Siguen conversando, pero empieza a haber trances de silencio, y los dos se dan cuenta, aunque ella intenta animosamente cubrirlos con palabras detrás de las cuales ya hay una zona de sombra, de extrañeza o recelo. Tal vez imagina que ha cometido algún error, que ha dicho algo que no debía. Mientras tanto el señor Isaac Salama mira por la ventanilla cada vez que el tren llega a una estación y calcula cuántas faltan todavía para Casablanca, para la despedida que le parece tan irrevocable como si ya hubiera sucedido. Se injuria con rabia secreta a sí mismo, se desafía, se pone plazos, límites, se concede treguas de minutos, mientras la mujer le habla aún y le sonríe, mientras lo roza con sus manos desenvueltas, las rodillas tan cerca que chocan cuando el tren frena, y entonces el señor Salama aprieta con disimulo la gabardina sobre los muslos, no vaya a deslizarse hacia el suelo. Le dirá que él también va a Casablanca, se erguirá en el asiento cuando el tren se haya detenido y alcanzará sus dos muletas, no le permitirá que intente ayudarle a llevar su equipaje, porque en tantos años ya ha adquirido una agilidad y una fuerza en los brazos y en el torso que al principio no pudo imaginar que lograría, y cuando le faltan manos es capaz de sujetar algo con los dientes, o de mantener el equilibrio apoyándose contra una pared.
Pero en el fondo sabe, y no ha dejado de saberlo ni un solo instante, que no se atreverá. Según el tren se va acercando a Casablanca la mujer le apunta su dirección y su teléfono, y le pide los suyos, que el señor Salama falsifica con desordenada caligrafía en un papel. El tren se ha detenido, y la mujer, de pie delante de él, se queda un poco confundida, extrañada de que él ni siquiera se levante para despedirse de ella, de que no le ayude a bajar su equipaje. No es probable que haya visto las muletas, bien disimuladas detrás de la bolsa del señor Salama, aunque también resulta tentador imaginar que si ha reparado en ellas, con perspicacia de mujer, y que ya había notado algo raro en las piernas demasiado juntas, tapadas por la gabardina. No se decide a inclinarse sobre el señor Salama para darle un beso, y le tiende la mano, le sonríe, encogiéndose de hombros, en un gesto de fatalidad o capitulación, le dice que la llame si se decide a parar en Casablanca en el viaje de vuelta, que ella lo llamará la próxima vez que vaya a Tánger. En el último instante el señor Salama tiene una tentación de incorporarse, o de no soltar la mano de ella y dejar que le alce con su apretón vigoroso.
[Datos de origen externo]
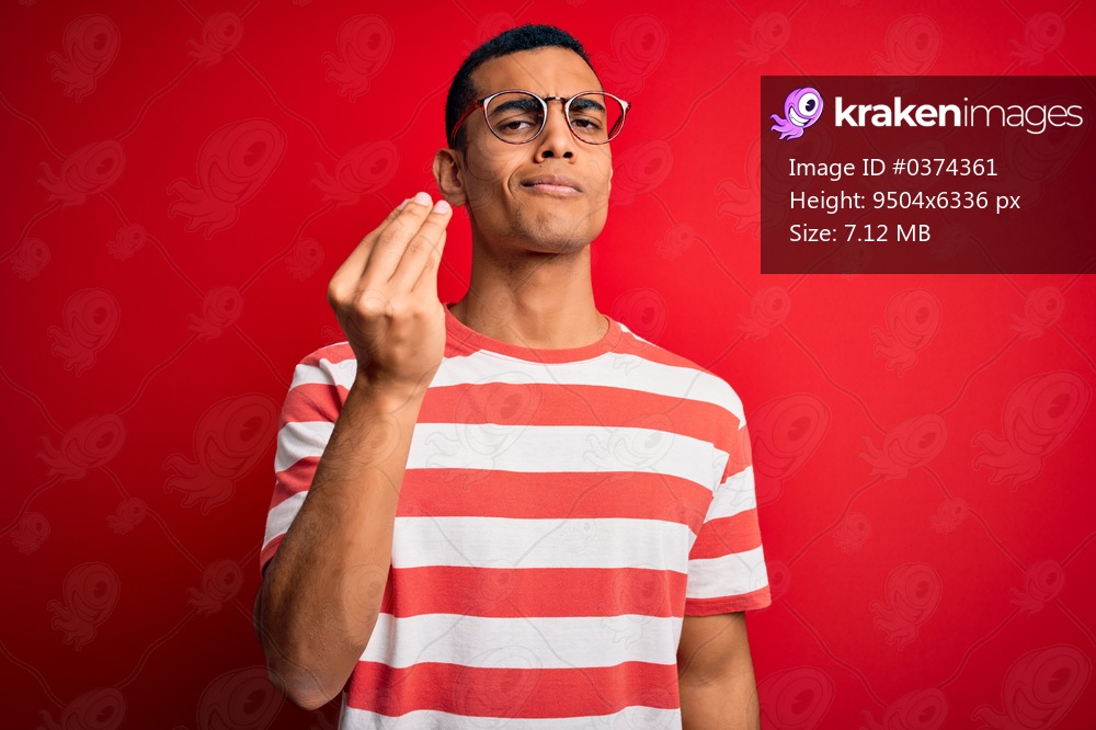 Young handsome african american man wearing casual striped t-shirt and glasses Doing Italian gesture with hand and fingers confident expression
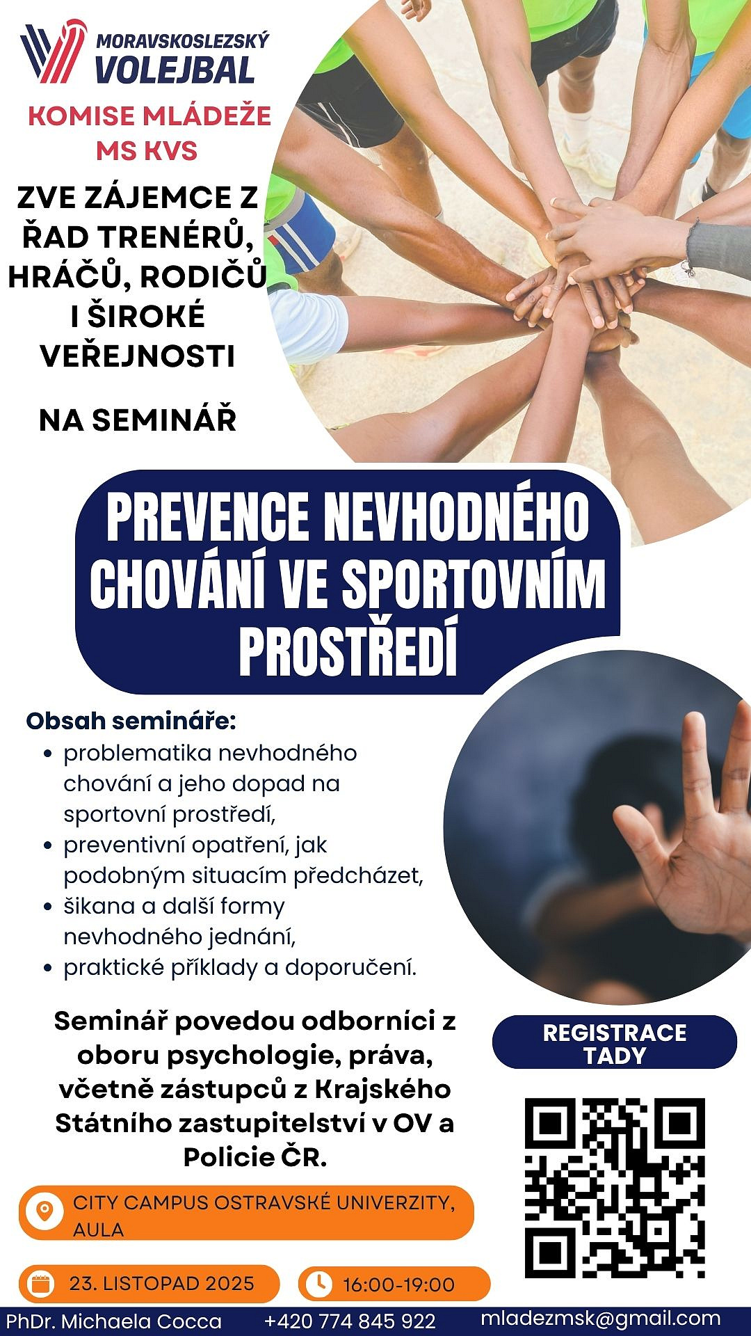 Komise mládeže Moravskoslezského KVS ve spolupráci s ÚRM a safeguardem ČVS Anetou Havlíčkovou pořádají seminář na téma Prevence nevhodného chování ve sportovním prostředí.

Tan fuerte es el impulso de no permitir que la mujer se vaya que casi le parece que vuelve a tener fuerzas en las piernas y que puede ponerse de pie sin la ayuda de nadie. Pero se queda quieto, y después de un instante de duda la mujer suelta su mano, toma la maleta, se vuelve por última vez hacia él y sale al pasillo, y él ya no llega a verla en el andén. Se echa hacia atrás en el asiento cuando el tren se pone en marcha, camino de una ciudad en la que no tiene nada que hacer, en la que deberá buscar un hotel para pasar la noche, un hotel cercano a la estación, porque deberá tomar a primera hora de la mañana un tren de vuelta a Casablanca. O tú a quien yo hubiera amado, recitó el señor Salama aquella tarde en su despacho del Ateneo Español, con la misma grave pesadumbre con que habría dicho los versículos del kaddish en memoria de su padre, mientras llegaba por la ventana abierta el sonido de la sirena de un barco y la salmodia de un muecín, oh tú que lo sabías.